Duez et ses équipiers ont testé la SEAT Toledo GT hier à Francorchamps

FRANCORCHAMPS Le nez agressif, la robe argentée élargie, son moteur 3 litres V 6 biturbo pétaradant: la SEAT Toledo GT que l'importateur belge a décidé d'aligner dans un mois aux 24 Heures de Spa-Francorchamps a fait une entrée remarquée, hier sur le tracé ardennais. Plein soleil sur le Raidillon pour cette présentation officielle de la voiture et de l'équipage qui se lancera, fin juillet, dans le premier tour d'horloge de la marque. «Nous sommes partis de la base de la Toledo Silhouette, que nous avons élargie aux normes GT, explique Benoît Bagure, l'ingénieur français délégué par SEAT Sport, pour superviser ce projet réalisé pour le team espagnol DMR . Le moteur n'est autre que l'Audi 3 litres V 6, sur lequel nous avons placé un biturbo. La voiture a démontré une fiabilité exceptionnelle. Et même si elle n'a pas encore effectué un tour d'horloge, elle compte actuellement quelques 3.000 km de courses au compteur sans avoir connu de pépin.»

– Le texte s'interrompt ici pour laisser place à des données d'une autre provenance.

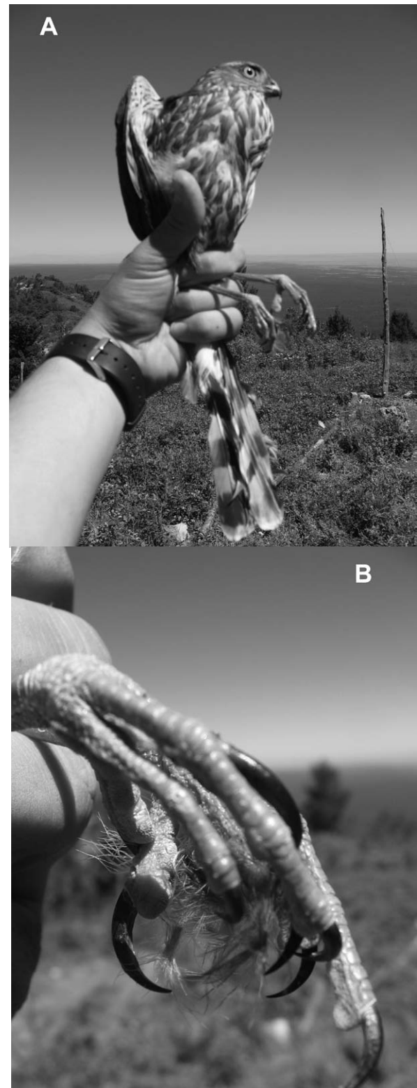
FIGURE 1. (A) A hatch-year Sharp-shinned Hawk captured at Capilla Peak in the Manzano Mountains, New Mexico, with distended crop, indicating recent prey capture and consumption. (B) Close-up of feet of the same bird, showing feathers of prey stuck to toes and talons.

Other researchers sampled potential avian prey in the area at two sites, one near the raptor-banding site at Capilla Peak (DeLong et al. 2005) and the other 35 km north of Capilla Peak in the foothills of the Manzanita Mountains near Coyote Springs. The mist-netting site at Capilla Peak was ~1 km from the primary raptor-banding site along the same ridge complex used by migrating raptors. Migrating raptors frequently passed through the netting area, hunted in the vicinity, and were occasionally captured in the mist nets. The Coyote Springs mist-netting site was in the same mountain range as Capilla Peak, with raptors known to pass through the area before arriving at Capilla Peak. Thus prey sampled

Et même si, en performance pure, cette Toledo XXL, ne pourra certainement pas viser la pole-position sur la grille de départ, ses quelques 500 chevaux devraient l'aider à se maintenir devant le peloton des Porsche. «Il ne faut pas rêver, explique Marc Duez, triple vainqueur de l'épreuve, dont il s'agira de la 26e participation au double tour d'horloge ardennais. Nous ne pourrons pas aller chercher les Viper, Ferrari, Saleen et autres Lister de pointe. Mais on a une carte à jouer, juste derrière. Pour ce que j'ai pu voir de la voiture, elle est très performante.»

Actuellement en tête du championnat d'Espagne GT avec cette voiture Miguel Angel De Castro, deuxième des 24 Heures, l'an dernier aux côtés de David Sterckx au volant d'une Lister, s'est surtout appliqué à faire évoluer déjà, cette Toledo, malgré l'absence des pneus larges, seulement disponibles à partir de début juillet. «D'autres essais sont prévus mi-juillet à Valence, explique le Français Christian Lavieille, ancien double champion du monde d'endurance moto et, surtout, lauréat à quatre reprises, des 24 Heures moto de Spa. Je connais très bien le circuit, mais il faut que j'apprenne à mieux enrouler les virages que j'avais l'habitude de couper sur deux roues. La voiture est très performante. Avec l'expérience de Marc et le métier de Miguel Angel, je crois que nous formons un équipage homogène.»

Homogénéité et fiabilité, deux des principales recettes pour briller dans un double tour d'horloge.